Practical minimum controls:
- Prioritize service accounts with long password ages.
- Review accounts with SPNs separately, because they often also matter for Kerberoasting.
- Restrict interactive sign-in for service accounts.
- Remove local logon, RDP, and unnecessary group memberships.
- Use gMSA where possible instead of manual password rotation on paper.
If an account previously ran without pre-authentication and had a weak password, rotating the password after the change is mandatory. Otherwise, historical risk remains unresolved.
4) Re-enable pre-authentication deliberately
For normal user accounts, the change is usually low-risk. For service accounts, use small waves.
Set-ADAccountControl -Identity "svc-example" -DoesNotRequirePreAuth $false
Before the change, document owner, test case, and rollback. After the change, monitor the application, scheduled tasks, services, and Kerberos failure patterns for a defined observation window.
Avoid a bulk change across all findings without application owners. It may save an hour of analysis and cost an operational weekend when something breaks.
5) Prevent new exceptions
After cleanup, the technical change is only half the work.

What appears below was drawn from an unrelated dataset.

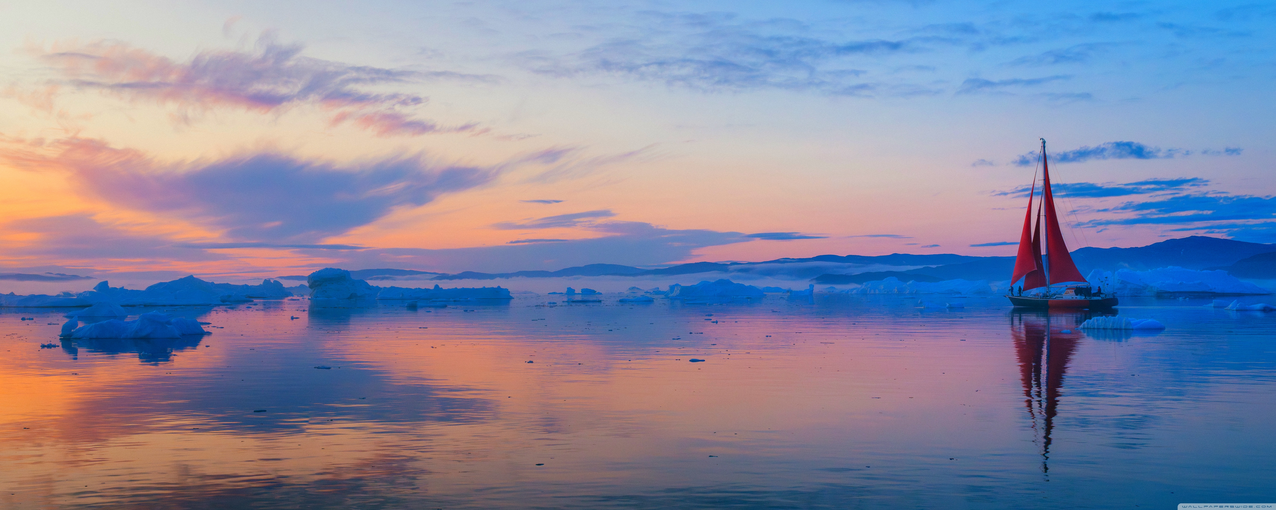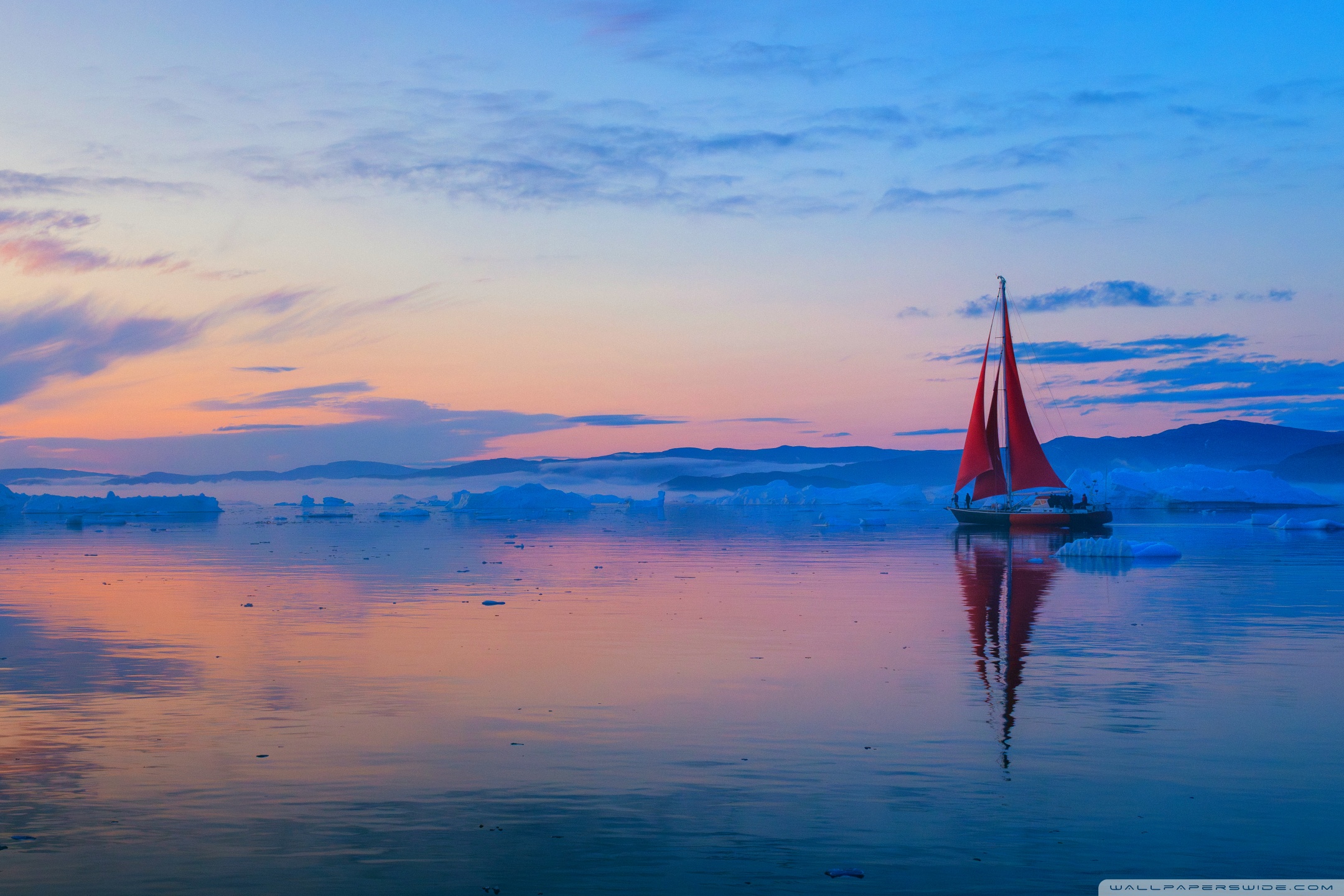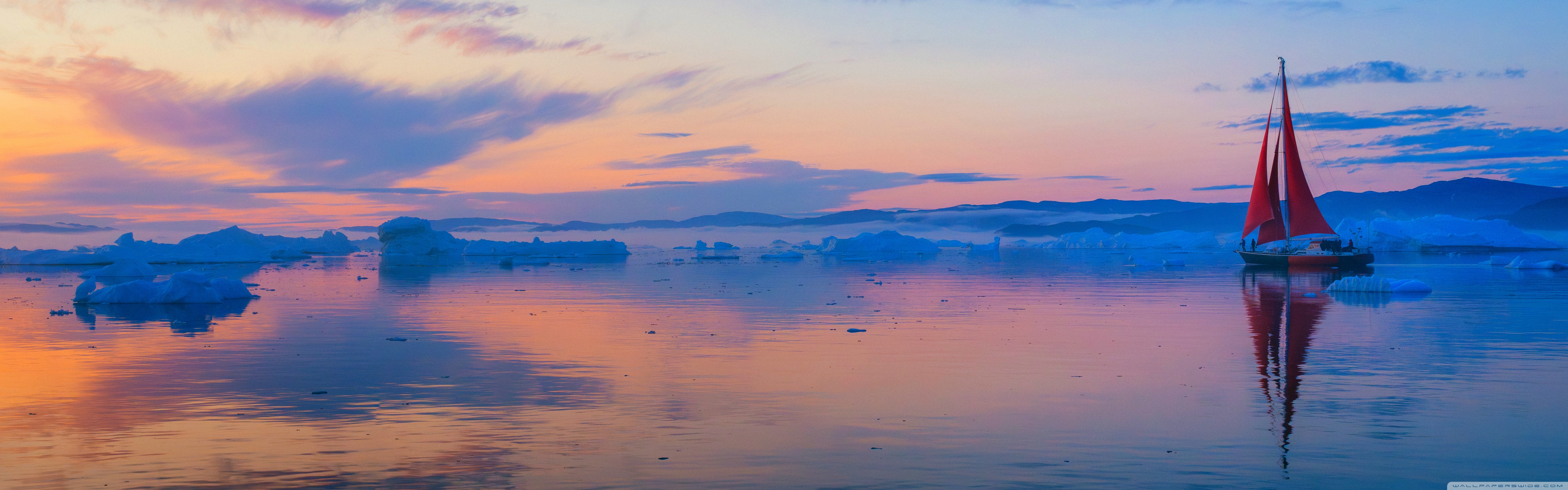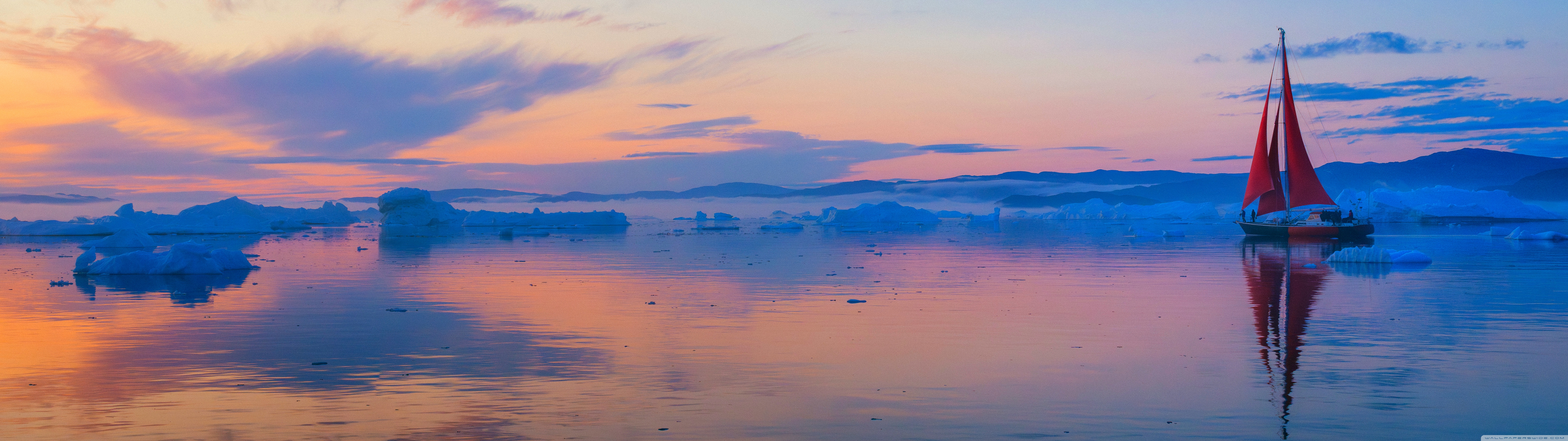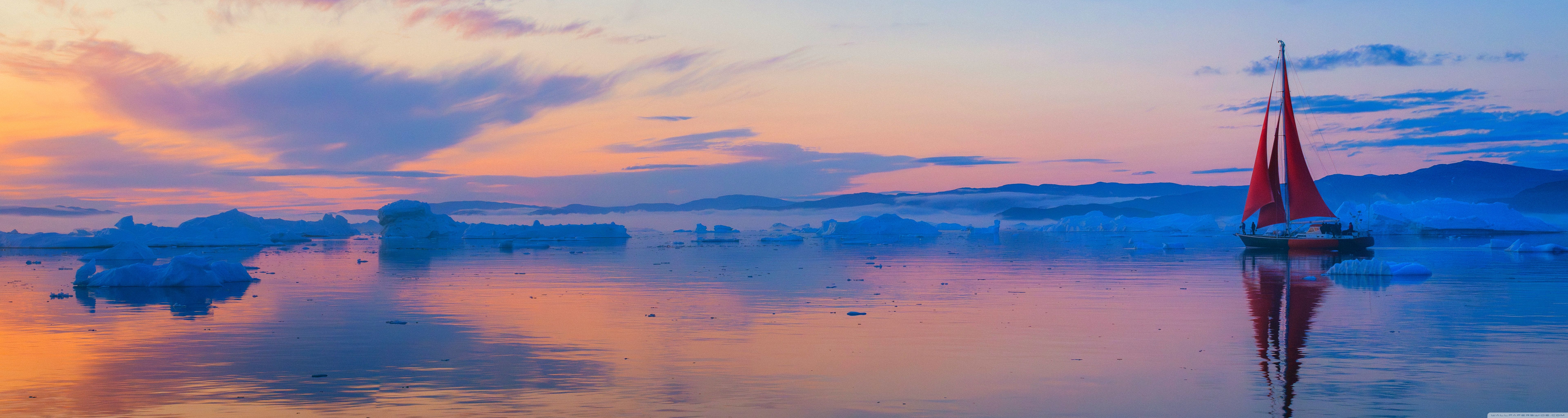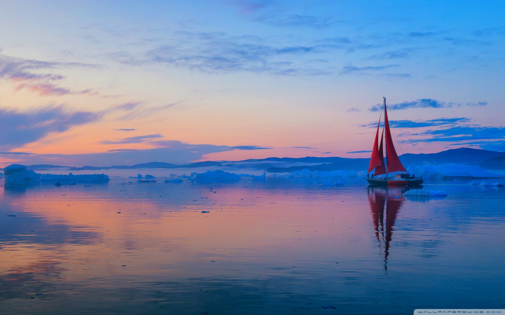 Download Greenland Sunrise Sailing in Avannaata Ice Caps 4K UHD Wallpaper

The environment needs a process that makes new pre-authentication exceptions visible:
- recurring report of accounts with
DONT_REQ_PREAUTH, - alerting when the relevant account attribute changes,
- review of new service accounts before production use,
- clear rule: pre-authentication exception only with owner, ticket, accepted risk, and expiry date,
- regular comparison against the documented exception list.
That keeps AS-REP exposure a controlled exception instead of a silently growing backlog.
Advantages
- Small technical change with strong baseline value: The insecure default is corrected for affected accounts.
- Reduces offline risk for weak passwords: Pre-authentication prevents affected accounts from falling into this attack path as easily.
- Improves service-account discipline: Owners, SPNs, password rotation, and logon rights become visible.
- Easy to measure: Affected accounts, closed exceptions, and new drift can be reported cleanly.
- Fits Kerberos hardening: It complements AES-only, Kerberos Armoring, gMSA, and tiering.
Disadvantages and limits
- Legacy applications can be affected when they truly depended on accounts without pre-authentication.
- Pre-authentication does not replace strong passwords: Weak service-account passwords remain a risk even when this path is reduced.
- gMSA is not always immediately possible: Old software, cluster setups, or appliances can make migration harder.
- The finding looks unspectacular: Business teams see no direct feature gain even though the risk is real.
- One-time cleanup is not enough: Without monitoring, new exceptions reappear through operations, migrations, or misconfiguration.
Typical pitfalls
- Ignoring disabled accounts: Disabled findings still deserve review and cleanup because they often reveal orphaned processes.
- Changing service accounts without owners: The technical change is small; the operational dependency may not be.
- Forgetting password rotation: After removing the flag, rotate passwords for affected active accounts.
- Reviewing SPN accounts in isolation: Accounts without pre-authentication and with SPNs need broader Kerberos risk review.
- Allowing exceptions without expiry: Otherwise the exception becomes the baseline again.
- Skipping drift detection: New accounts with disabled pre-authentication otherwise remain unknown until the next assessment.
Project checklist
- [ ] Inventory accounts with disabled Kerberos pre-authentication in read-only mode.
- [ ] Capture enabled state, service-account role, SPNs, password age, and last usage.
- [ ] Document owner, application, test case, and target state for every active finding.
- [ ] Move normal user accounts to mandatory pre-authentication first.
- [ ] Harden service accounts in small waves with change window, monitoring, and rollback.
- [ ] Rotate passwords for affected active accounts.
- [ ] Check whether service accounts can move to gMSA.
- [ ] Restrict interactive sign-in, RDP, local logon, and unnecessary group rights for service accounts.
- [ ] Document time-bound exceptions with expiry date, accepted risk, and review date.
- [ ] Establish recurring reporting and alerting for new pre-authentication exceptions.